In the "Second Republic," from 1989 to 1997, Iran graduated from reacting against the past to realistically dealing with the present. During President Hashemi Rafsanjani's tenure, the government of God plummeted back to earth -- with a thud. The new leadership initially promoted physical reconstruction, economic reform, and a diplomatic thaw. But without the ayatollah's authority, longstanding political divisions deepened and paralysis set in. Despite a brief try at privatization, including reviving the monarchy's stock market, promises of change remained largely unfulfilled. In the end, the regime's blatantly manipulative tactics kept it from achieving its goals, instead spawning corruption, deepening debt, and social turmoil.
Paradoxically, the very policies that Rafsanjani introduced to win back the support of a war-weary public inadvertently jump-started the empowerment process.
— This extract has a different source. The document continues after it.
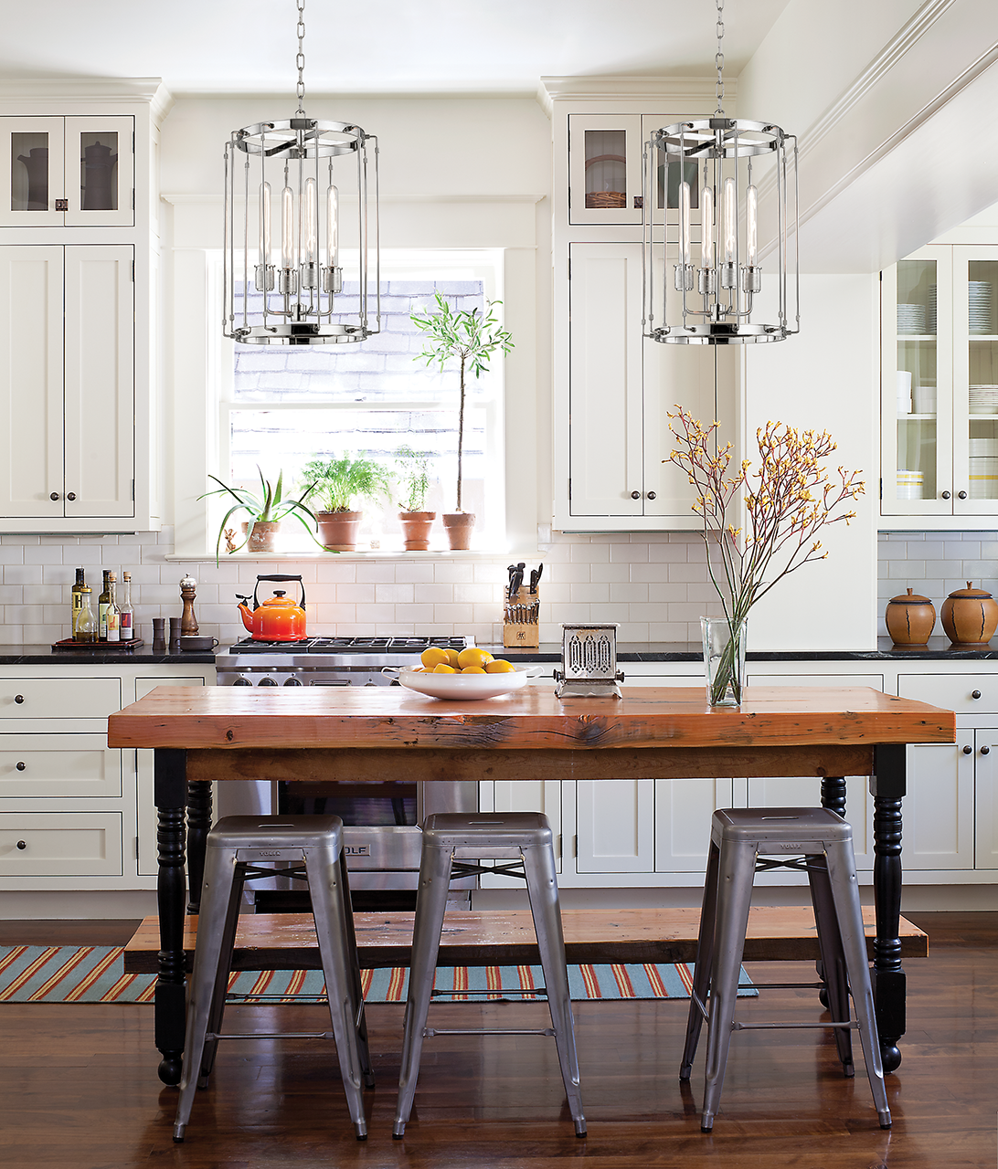 Этот стиль, основанный на чувствах к домашнему интерьеру ранних американских поселенцев, отличается естественной, состаренной и / или потрепанной отделкой в классических формах. Рассмотрите элементы освещения кухни и гостиной с открытыми светильниками и декоративным металлом. В результате получается не только теплый и уютный образ, но и очаровательный, собранный с течением времени вид.

The regime sporadically tolerated cultural freedoms and relaxed some of its social restrictions. It also facilitated a consumer spending spree on imports by making credit available. The outside world soon flooded back in, through satellite dishes, videos, computers, and even textbooks full of ideas. From that point on, the tide of information could no longer be controlled, however hard conservatives and clerics tried.
The Second Republic also overlapped with the end of the Cold War, which Iranians felt deeply because of their shared border with the Soviet Union. The collapse of Soviet rule -- in a country with superpower resources -- sent a powerful warning about the vulnerability of revolutionary regimes. Finally, Iran's return to peacetime pursuits, its flirtation with pragmatism, and the pressure of social problems all unleashed unusual initiatives, largely outside the government but also within the circles of power and even the clergy.
Iran's theocracy slowly came to recognize that it was endangering its own agenda by ignoring the state's real problems, such as its population policy. In the 1980s, millions of women complied with the theocrats' dictate to breed a new Islamic generation that would defend the revolution. Within seven years, Iran's population jumped from 34 million to more than 50 million; it is now 70 million. The clerics soon realized that soaring numbers were more likely to undo the revolution than to save it, and they introduced one of the world's most extensive family-planning programs. Every form of birth control, from condoms and pills to sterilization, became free. All couples now have to pass a family-planning course before obtaining a marriage license. Thousands of women mobilized by the Health Ministry have gone door-to-door to explain the necessity of birth control. Clerics, preaching the benefits of small family size, have issued fatwas approving everything from intrauterine devices to vasectomies.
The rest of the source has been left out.